1. Influencing. Peers generally do not have power over each other. That means that influence skills, understanding, and trading is the currency to use. Don’t just ask for things; find some common ground where you can provide help. What do the peers you’re contacting need? Do you really know how they see the issue? Is it even important to them? How does what you’re working on affect them? If it affects them negatively can you trade something, appeal to the common good, figure out some way to minimize the work (volunteering staff help, for example)? Go into peer relationships with a trading mentality.
2. Many times, negative personal styles get in the way of effective peer relationships. People differ in the impression they leave. Those who leave positive impressions get more things done with peers than those who leave cold, insensitive or impersonal negative impressions.
3. Sometimes the problem is in assessing peers. Do you really understand the peers you need to deal with? Which ones really want to help? Who is going to get in the way? What did they really want? What price will they ask for helping?
4. Sometimes the problem is maneuvering through the complex maze called the organization. How do you get things done sideways? Who are the movers and shakers in the organization? How do they get things done? Who do they rely on for expediting things through the maze? Who are the major gatekeepers who control the flow of resources, information and decisions? Who are the guides and the helpers? Get to know them better. Who are the major resisters and stoppers? Try to avoid or go around them.
5. If peers see you as excessively competitive, they will cut you out of the loop and may sabotage your cross border attempts. To be seen as more cooperative, always explain your thinking and invite them to explain theirs. Generate a variety of possibilities first rather than stake out positions. Be tentative, allowing them room to customize the situation. Focus on common goals, priorities and problems. Invite criticism of your ideas.

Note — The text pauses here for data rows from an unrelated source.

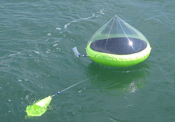 그러면 이런 기술은 현대에는 어떤 형태로 변형되어 쓰일 수 있을까요? 아쿠아메이트(Aquamate)는 보다 현대식 태양열 증류식 담수기입니다. 평소에는 공기를 빼고, 작게 접어서 구명보트 등에 보관하다가, 바다에서 식수를 구하기 어려운 상황이 왔을 때, 펼쳐서 바다에 띄워서 사용할 수 있게 되어 있습니다. 검정색 바닥의 원통에 바닷물을 넣어두면, 태양열로 증발된 물의 수증기가 투명한 고깔 안쪽에 맺히고, 그렇게 흘러내린 물방울을 모아서 마실 수 있도록 되어 있습니다. 물론 비상시가 아닌, 평소에 쓸 수 있을 만큼 많은 양의 물이 생산되지는 않겠지만, 망망대해를 표류하는 구명보트 안에서, 단기간 마시기에는 상당한 도움이 될 수도 있을 것입니다.
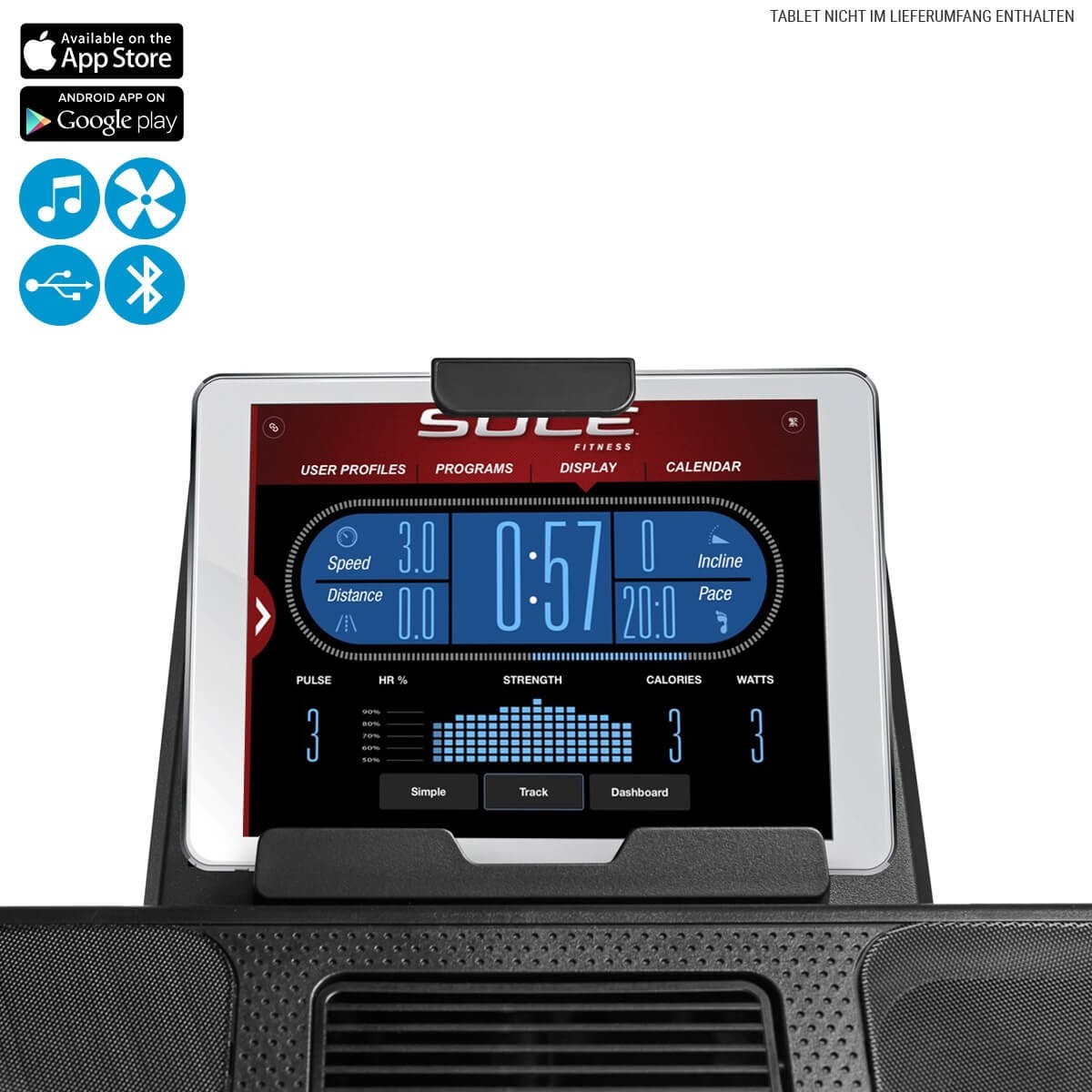 Wbudowana funkcja Bluetooth pozwala, po raz pierwszy, za pośrednictwem aplikacji SOLE Fitness połączyć się z bieżnią. Tutaj możesz sprawdzić swoje aktualne dane treningowe i regularnie je zapisywać. W ten sposób możesz osiągnąć wyznaczone cele treningowe jeszcze szybciej i bardziej efektywnie.
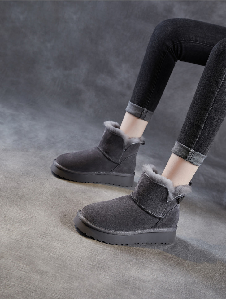 羊毛保暖厚底雪地靴子,加绒加厚百搭短筒真皮棉鞋ZM258715
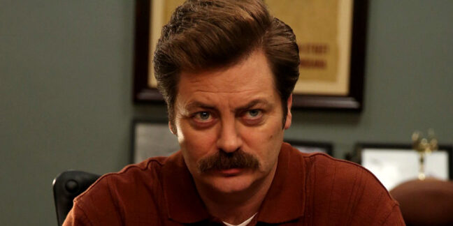 Av alla de underbart knasiga, hjärtevärmande charmpellar som befolkat Pawnee i ”Parks and Recreation” är det Ron Swanson som lindat sina baconskivor tajtast runt denna TV-redaktörs inre organ.
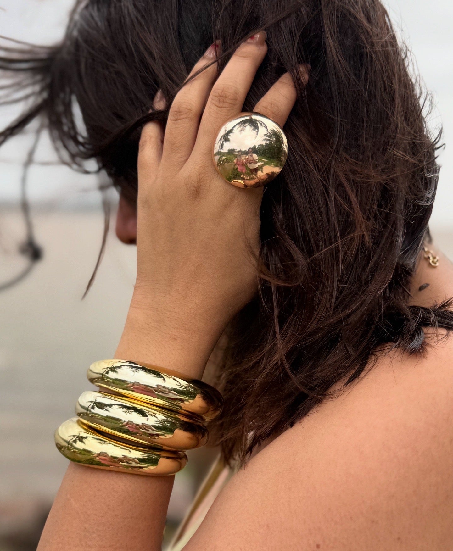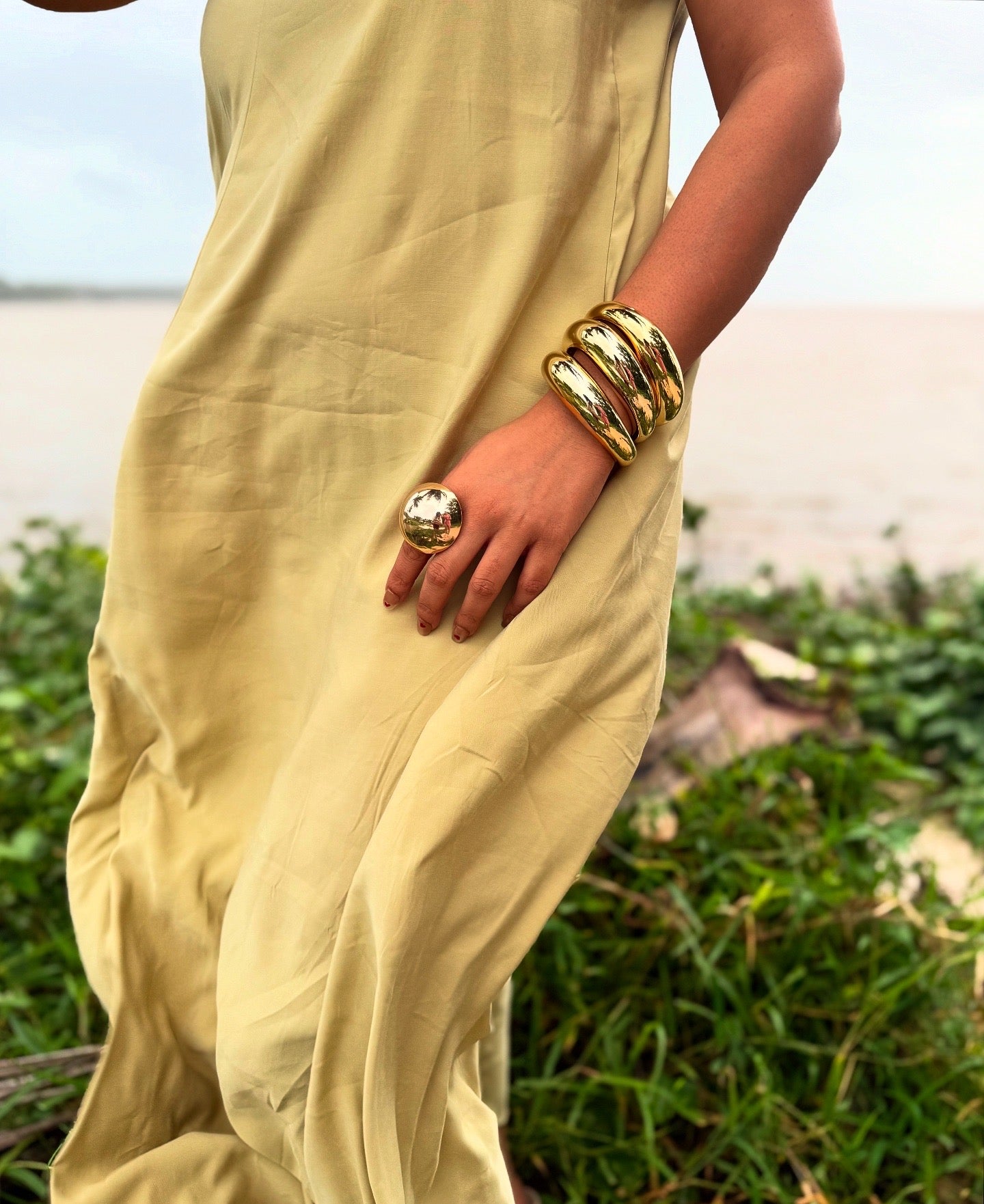 Make way for drama — the volume stack is not for the faint-hearted. These ultra-lightweight, chunky acrylic cuffs are designed to look like melted gold, sculpted into perfection. Bold in form but featherlight on the wrist, this stack makes a statement without saying a word. Slip them on and let your wrists do the talking.
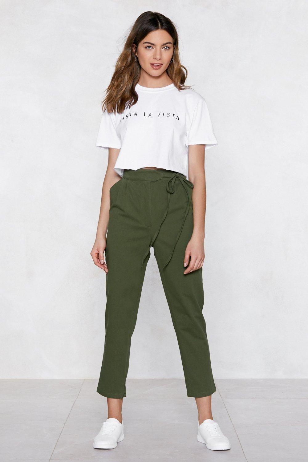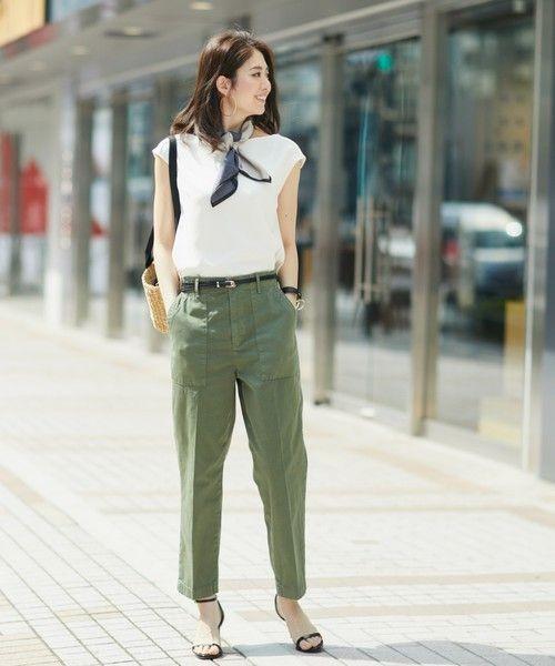 The low-waisted trousers have a slightly loose fit. They won’t look bloated when worn, and they will slim and slim your legs. leg. There is a small belt around the waist to embellish it, so it doesn’t feel monotonous. The dark green color is more eye-opening, and the field of vision is broad and not limited.
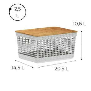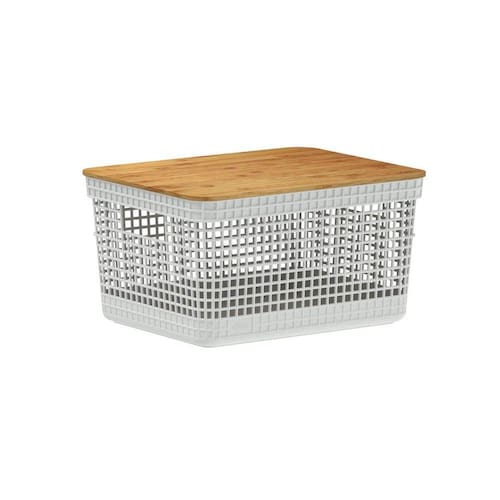 A linha de Cestos Grid foi desenvolvida com um mix perfeito entre conforto, design e funcionalidade. Os cestos possuem diversos tamanhos, são empilháveis e versáteis. São diversas opções com cores neutras e acabamento fosco, que combinam com qualquer ambiente.Podem ser utilizados em closets, cozinhas, lavanderias ou até mesmo na sala de estar para decorar. O Cesto Organizador Grid Com Tampa De Bambu possui medidas de : 10.6cm altura- Largura 14.5cm-profundidade 20.5cm e a capacidade de 2,5 litros. Além de possuir tampa em bambu que traz um toque a mais de sofisticação e elegância para qualquer ambiente da sua casa. Os Cestos Grid são perfeitos para aliar organização e decoração na sua casaCuidadosSugere-se higienizar com sabão neutro e esponja macia, evitando produtos abrasivos no processo de limpeza.
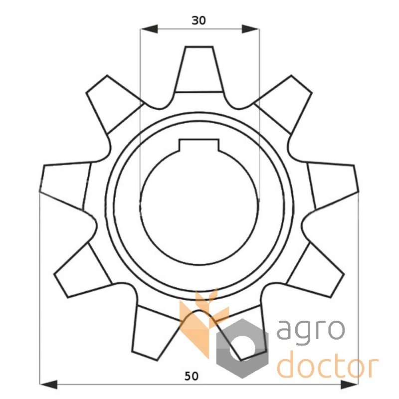 Звездочка цепной передачи привода зерноуборочных комбайнов Deutz Fahr M (1000, 1202, 2385). Размеры мм: Внутренний диаметр - 30 Количество зубов - 9. Каталожные номера 1.1116.160.003.00. Аналог.
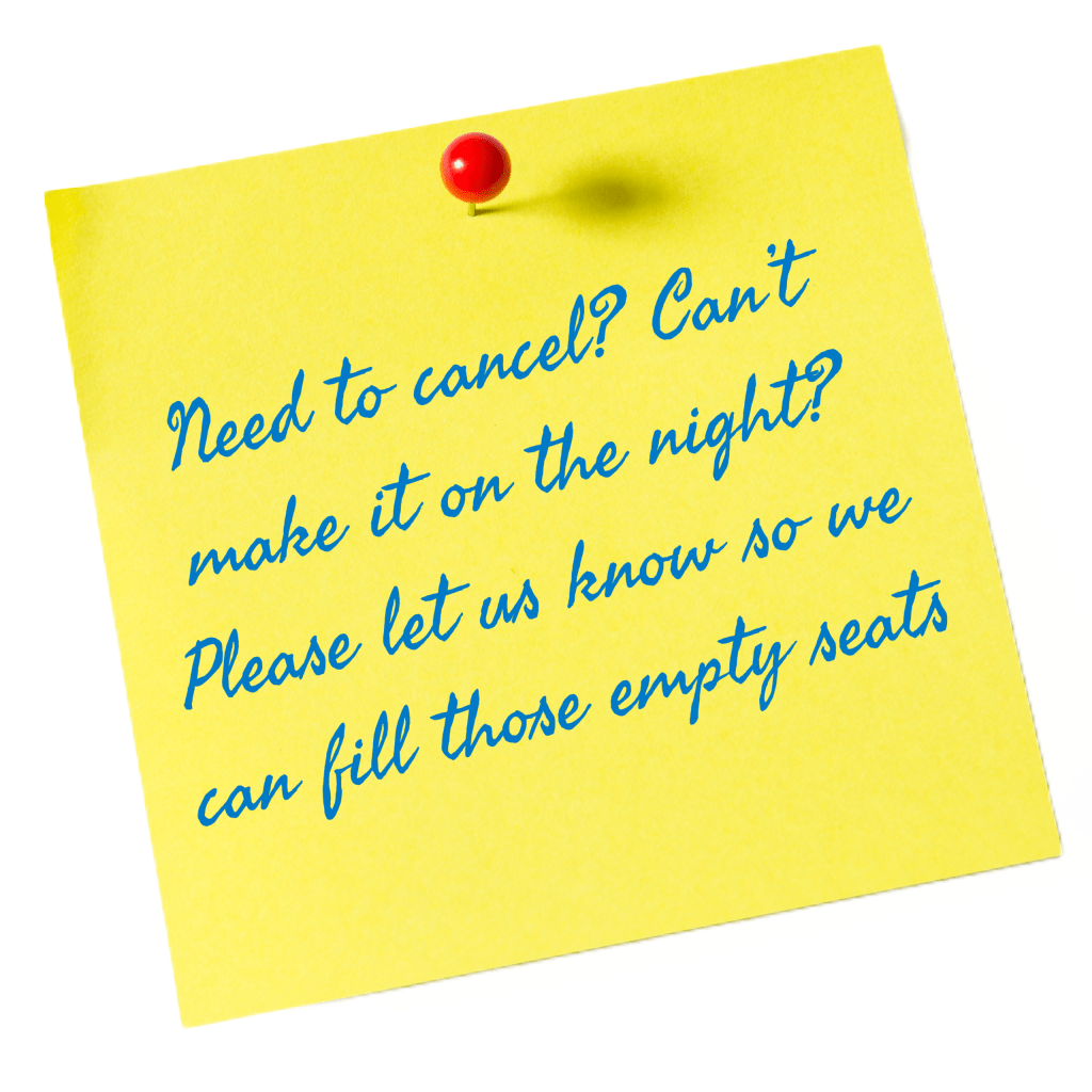 BY PAYING £20 pp IN ADVANCE YOU CAN AVOID THE RUSH AND RESERVE YOUR FAVOURITE SEAT POSITIONS AND PREFERRED PERFORMANCE NIGHT FOR BOTH OUR SEASON’S PRODUCTIONS. (Only available pre-season before the first production in November).
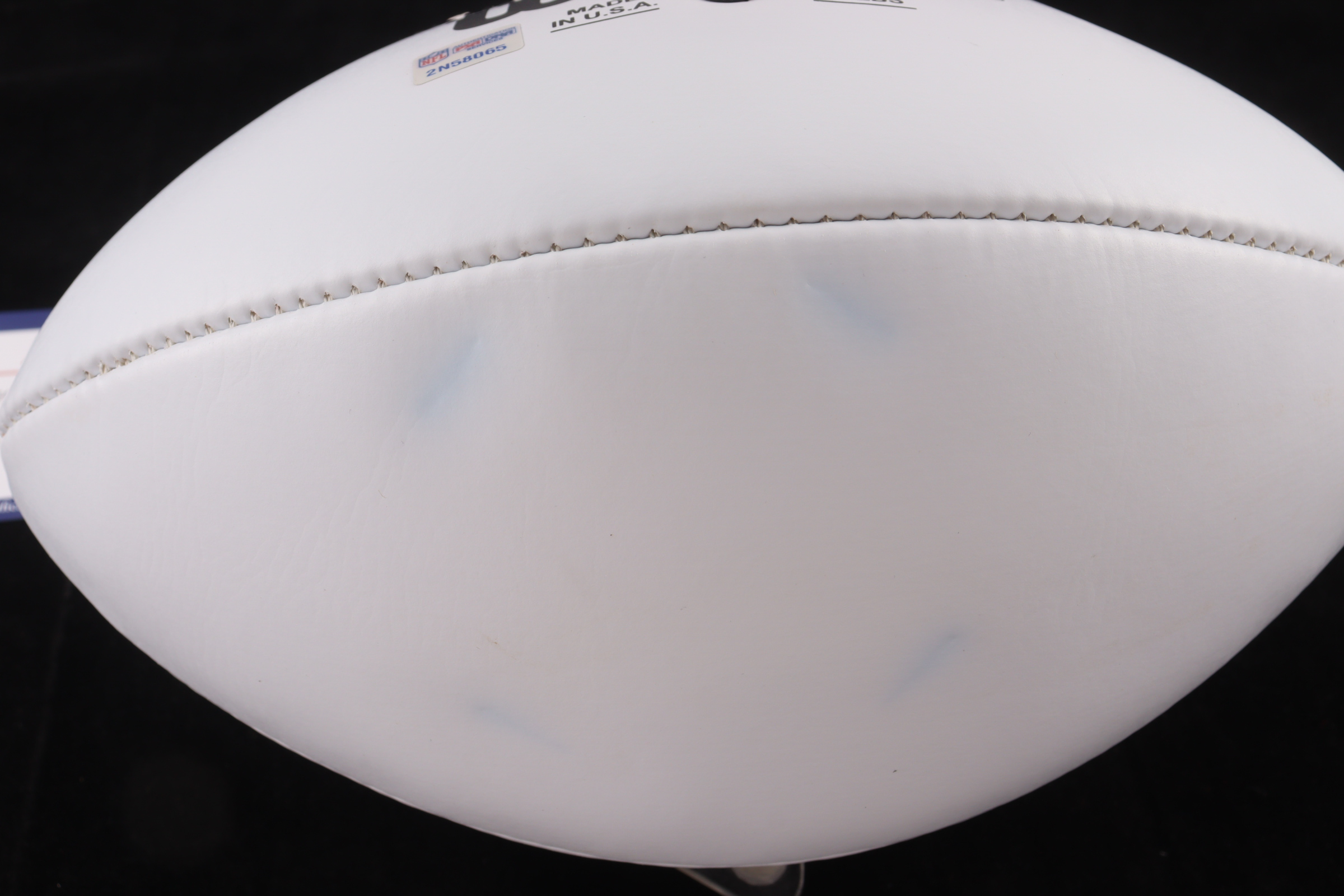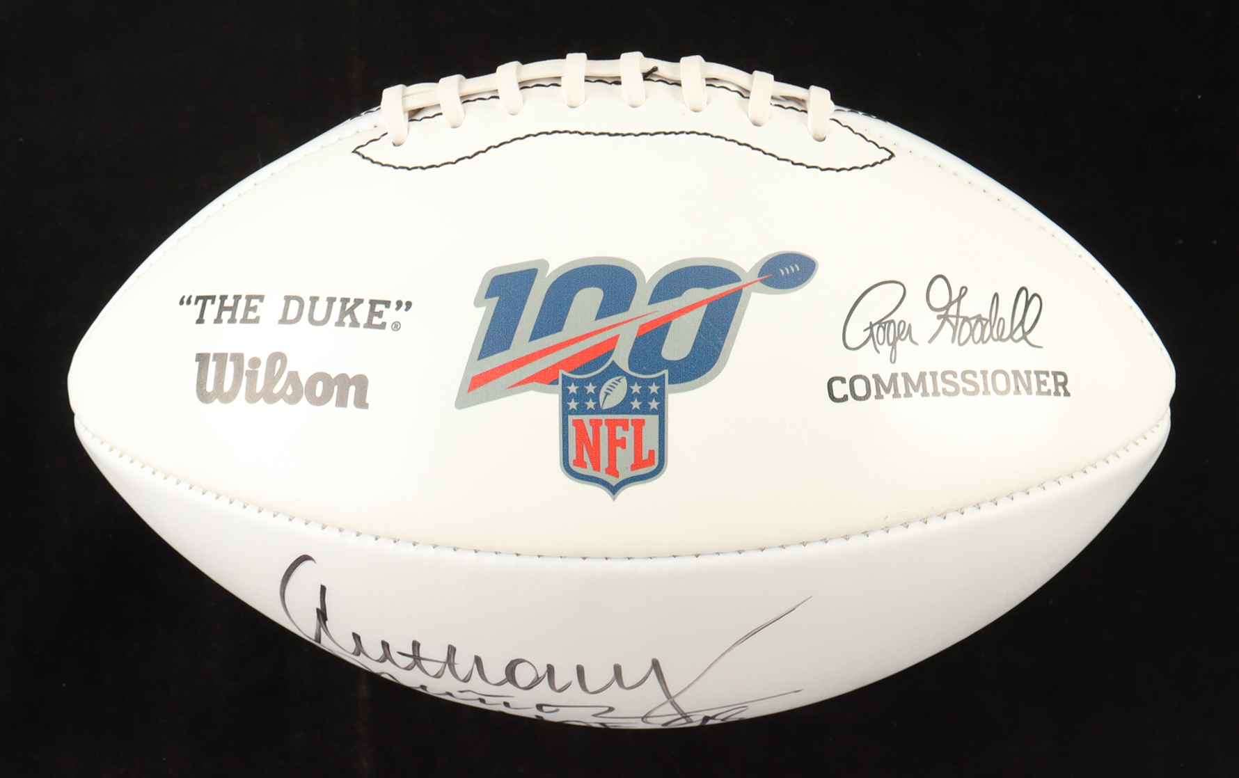 Wilson "The Duke" white panel NFL 100 Years logo football has been hand-signed and inscribed by Anthony Munoz (Cincinnati Bengals, HOF). Please note the residue and stains on the football.

6. If peers think you lack respect for them or what they do, try to keep conflicts as small and concrete as possible. Separate the people from the problem. Don’t get personal. Don’t give peers the impression you’re trying to dominate or push something on them. Without agreeing or disagreeing, try on their views for size. Can you understand their viewpoint? When peers blow off steam, don’t react; return to facts and the problem, staying away from personal clashes. Allow others to save face; concede small points; don’t try to hit a home run every time. When a peer takes a rigid position, don’t reject it. Ask why – what are the principles behind the position, how do we know it’s fair, what’s the theory of the case, play out what would happen if his/her position was accepted.
7. Separate working smoothly with peers from personal relationships, contests, competing for incentives, one-upsmanship, not invented here, pride and ego. Working well with peers over the long term helps everyone, makes sense for the organization and builds a capacity for the organization to do greater things. Usually the least used resource in an organization is lateral exchanges of information and resources.
8. If a peer doesn’t play fair, avoid telling others all about it. This often boomerangs. What goes around comes around. Confront the peer directly, politely and privately. Describe the unfair situation; explain the impact on you. Don’t blame. Give the peer the chance to explain, ask questions, let him/her save some face and see if you can resolve the matter. Even if you don’t totally accept what is said, it’s better to solve the problem than win the argument.
9. Monitor yourself in tough situations to get a sense of how you are coming across. What’s the first thing you attend to? How often do you take a stand vs. make an accommodating gesture? What proportion of your comments deals with relationships vs. the issue to be addressed? Mentally rehearse for worst case scenarios/hard to deal with people. Anticipate what the person might say and have responses prepared so as not to be caught off guard.
10. Make sure the winning and losing is balanced. Watch out for winning concessions too often. If you win too much, how do the losers fare? Do you want them diminished or would you like them to work willingly with you again? The best tack is to balance the wins and losses. Make sure you are known in the organization as someone who is always ready to help and cooperate, and the favor will be returned.